EXERCISE BRIEF
Span requested from the data below: the line with "Each Variety Pack" through the line with "当前位置: 91家纺网 >", both included. Give only these lines again, exactly, and leave every picture out.
[[ DATA PROVIDED, beginning ]]
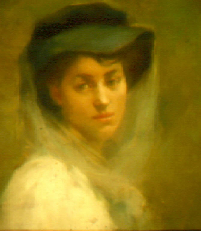 Donna giovane a mezzo busto di tre quarti indossa abito bianco e cappello a larga tesa da cui pende un velo che cade sul petto.
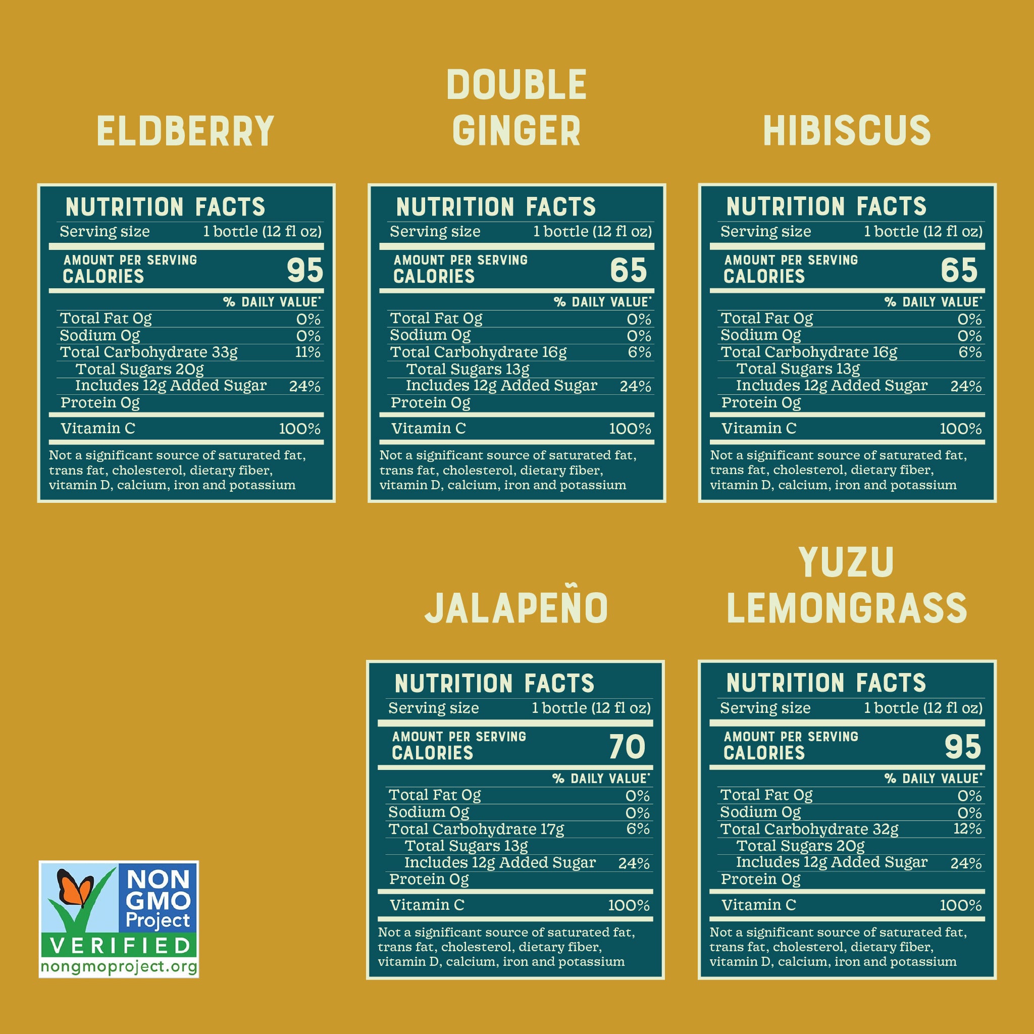 Each Variety Pack comes with the following flavor variations: 2 Hibiscus, 2 Yuzu Lemongrass, 2 Double Ginger, 2 Elderberry, and 1 Jalapeño
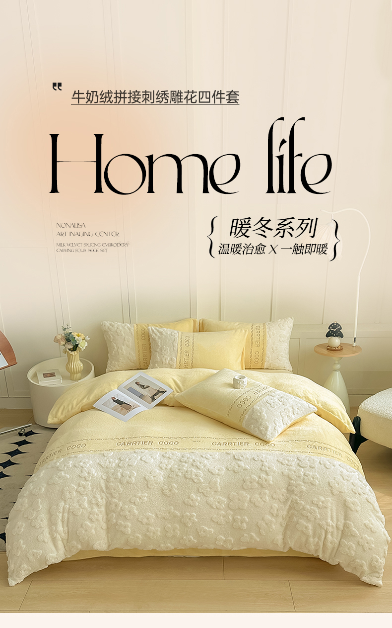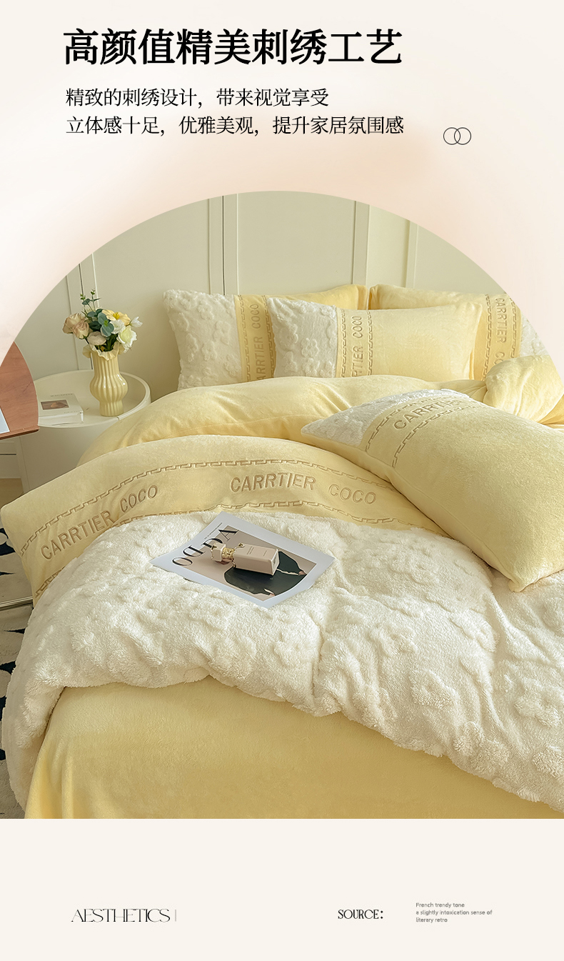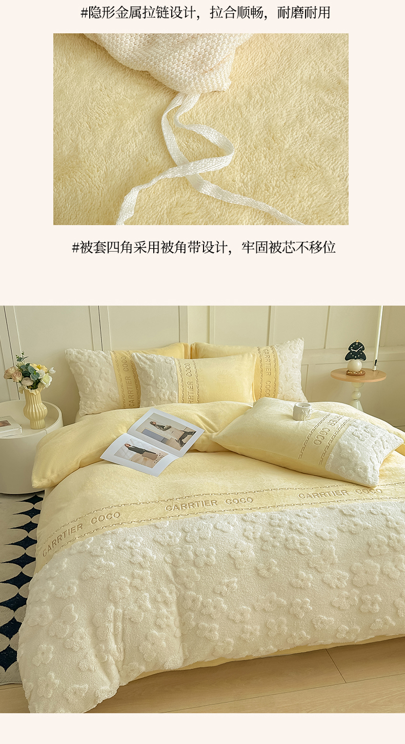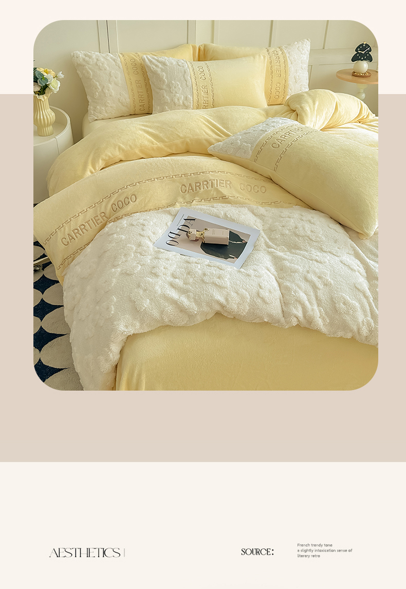 当前位置: 91家纺网 > 商品网购 > 床品套件 > 四件套 > 牛奶绒四件套 > 灰鲸 2025新款牛奶绒拼接刺绣四件套-安娜 安娜-奶黄
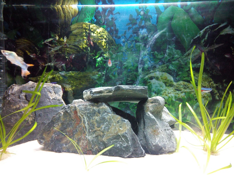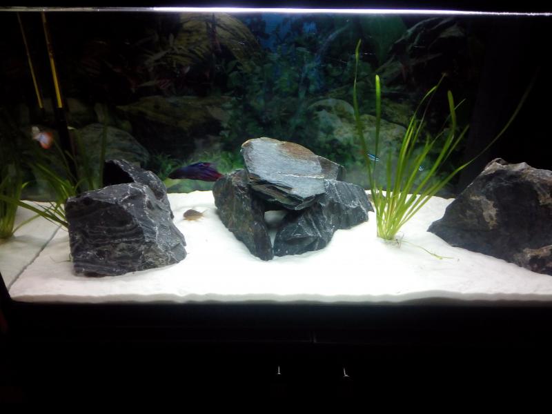 60 Λίτρα με καπάκι Ψάρια: 2 Coridoras, 2 Neon 1 Μονομάχο (μερικά λάθρο σαλιγκάρια που δε ξέρω) Φυτά: Vallisneria,Rotala,λευκοκέφαλα, Hygrophylla corymbosa,Java moss Κατηγορία: Κοινωνικό φυτεμένο Διακοσμητικά υλικά :- Φόντο: Σκούρο πόστερ με φυτά Πέτρες: - Ξύλα: 2 mopani Άλλα διακοσμητικά : - Υπόστρωμα: -Όχι Βυθός: χαλαζιακή άμμο Φωτισμός Πηγές φωτισμού (πλήθος και τύπος):1 Λάμπα ~15 watt T8 Gro-Lux Fluorescent Διάρκεια φωτισμού: 6 ώρες (16:00-22:00) Υποστήριξη οργανισμών Φίλτρανση: Aquatek (χωρίς άνθρακα ) Θέρμανση/ Ψύξη: κοινός θερμοστάτης/USB 8cm fan Λίπανση: - Ταμπλέτες για τα φυτά/Sera Fe Παροχή CO2: -D.I.Y. 1/sec Διατροφή:Flakes Παράμετροι pH:8 Γενική σκληρότητα (GH):8 Ανθρακική σκληρότητα (ΚΗ):4-6 Αμμωνία (ΝΗ3): 0 Νιτρώδη (ΝΟ2): 0 Νιτρικά (ΝΟ3): 0 Φωσφορικά (PΟ4): - Μέση Θερμοκρασία (°C): 28 Συντήρηση Αλλαγές νερού: ~20lt ανά βδομάδα Προετοιμασία νερού/πρόσθετα: Sera aquatan Πλέον πολλές αλλαγές μετά την πρώτη παρουσίαση, πολλά τα λαθη, πολλές οι διορθώσεις. Κάποια από τα λάθη ακόμα παραμένουν. Στο μέλλον θα προστεθούν μερικές γαριδούλες και κάποια ακόμα εύκολα φυτά. |
[[ DATA PROVIDED, end ]]
FINISHED TASK
 Each Variety Pack comes with the following flavor variations: 2 Hibiscus, 2 Yuzu Lemongrass, 2 Double Ginger, 2 Elderberry, and 1 Jalapeño
 当前位置: 91家纺网 > 商品网购 > 床品套件 > 四件套 > 牛奶绒四件套 > 灰鲸 2025新款牛奶绒拼接刺绣四件套-安娜 安娜-奶黄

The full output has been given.